§ Task statement: What is needed is an exact repetition of the lines from the first one in the data through the line with "Cumulatieve frequentie van", with no pictures.

§ Provided material:
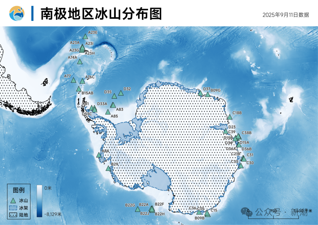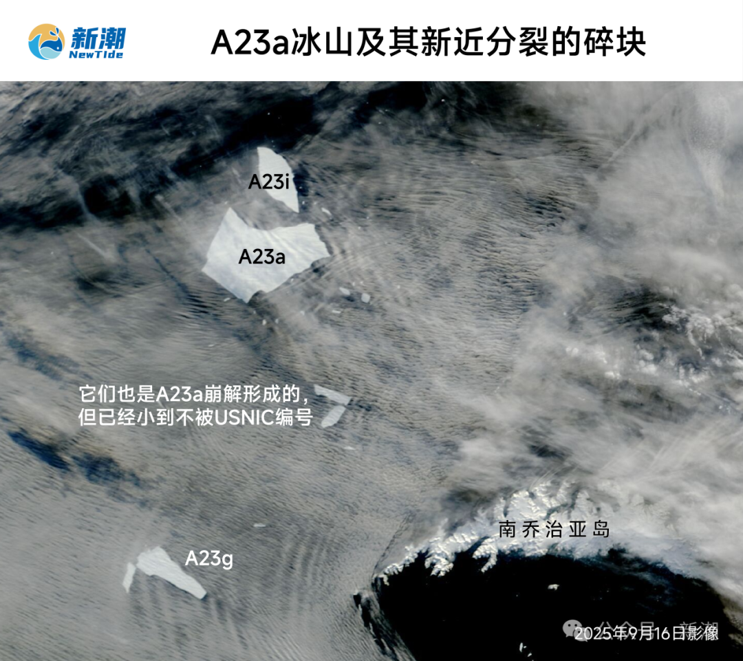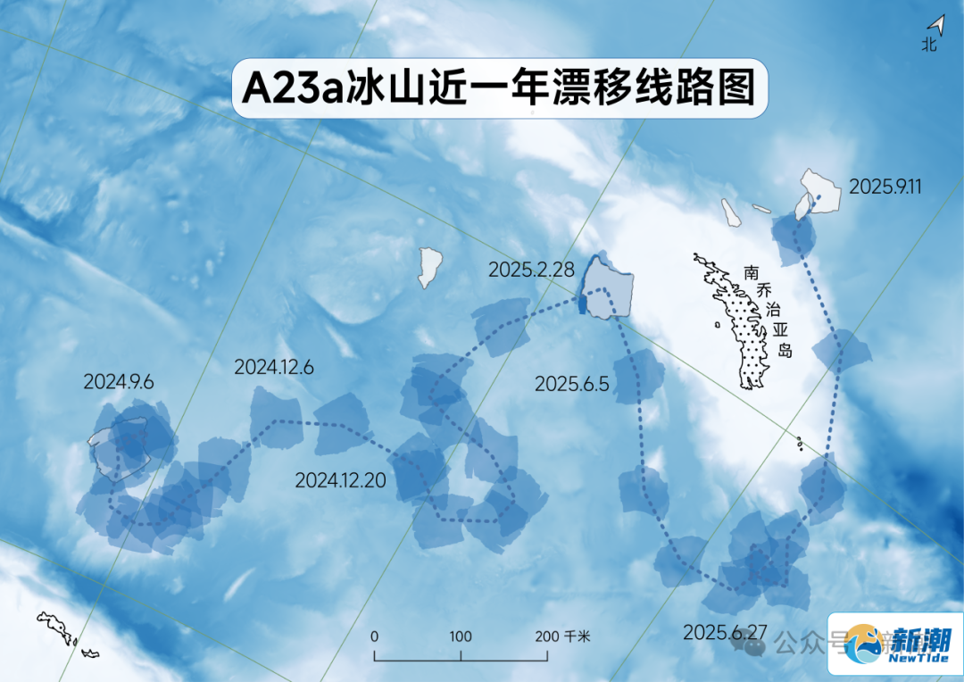 幸運(yùn)的是,A23a在南極繞極環(huán)流的作用下,從2025年5月重新開始向東移動,繞過南喬治亞島后,沿島嶼北側(cè)的大陸架向西折返,在這一過程中分裂出大大小小的碎塊。
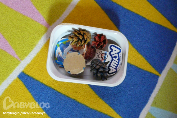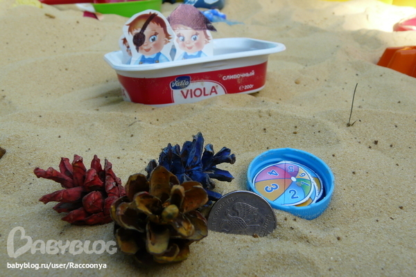 Ну, и, конечно, пираты не были бы пиратами, если бы не искали сокровища! Шишки, монетки, маленькие картонные картинки - были задуманы для тренировки маленьких пальчиков, бесконечно закапывающих и откапывающих их.
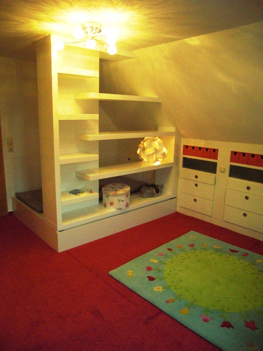 Wir haben den geleichen Blumenteppich, er fusselt allerdings auch ganz shcön, jetzt nahc 2 jahren wird es langsam besser. Habt ihr wirklich super toll hin bekommen, habt ihr das Regal selber gebaut? Klasse.
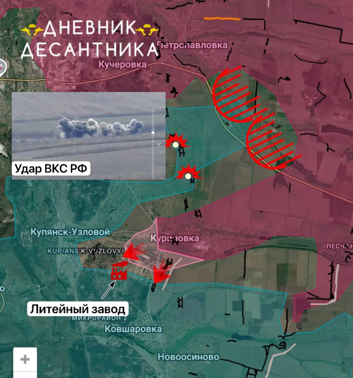 На восточном фланге продолжаются ожесточенные бои. ВСУ нарастили расчёты ударных дронов, за прошедшие сутки противник только по одному подразделению нанёс 78 ударов. Что, собственно, не останавливает наших мотострелков выгрызать у противника Литейный завод, за который идут ожесточённые бои;
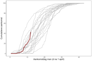 Cumulatieve frequentie van aankomstdatum van mannelijke bonte vliegenvangers van 2007-2026. Ieder lijntje is een jaar, en 2026 is de rode lijn
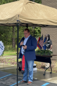 In his opening remarks, Morris Madden, Chairman of the LCHOH, expressed deep gratitude to those who took time out of their holiday weekend to attend the first Memorial Day ceremony organized by the Laurens County Hall of Heroes. In his remarks, Madden reminded everyone of the day’s somber significance, stating, “Memorial Day is a somber National Day of Mourning. We are all gathered here today to pay tribute to the brave Laurens County military warriors, and to all the men and women of all branches of the United States Military, who gave the ultimate sacrifice to help preserve and defend our nation’s freedoms and liberties. It is often said that every US serviceman and woman gave some. But today, we honor and remember those who gave all, those who truly gave their full measure of devotion.”

§ Problem solution:
 幸運(yùn)的是,A23a在南極繞極環(huán)流的作用下,從2025年5月重新開始向東移動,繞過南喬治亞島后,沿島嶼北側(cè)的大陸架向西折返,在這一過程中分裂出大大小小的碎塊。
 Ну, и, конечно, пираты не были бы пиратами, если бы не искали сокровища! Шишки, монетки, маленькие картонные картинки - были задуманы для тренировки маленьких пальчиков, бесконечно закапывающих и откапывающих их.
 Wir haben den geleichen Blumenteppich, er fusselt allerdings auch ganz shcön, jetzt nahc 2 jahren wird es langsam besser. Habt ihr wirklich super toll hin bekommen, habt ihr das Regal selber gebaut? Klasse.
 На восточном фланге продолжаются ожесточенные бои. ВСУ нарастили расчёты ударных дронов, за прошедшие сутки противник только по одному подразделению нанёс 78 ударов. Что, собственно, не останавливает наших мотострелков выгрызать у противника Литейный завод, за который идут ожесточённые бои;
 Cumulatieve frequentie van aankomstdatum van mannelijke bonte vliegenvangers van 2007-2026. Ieder lijntje is een jaar, en 2026 is de rode lijn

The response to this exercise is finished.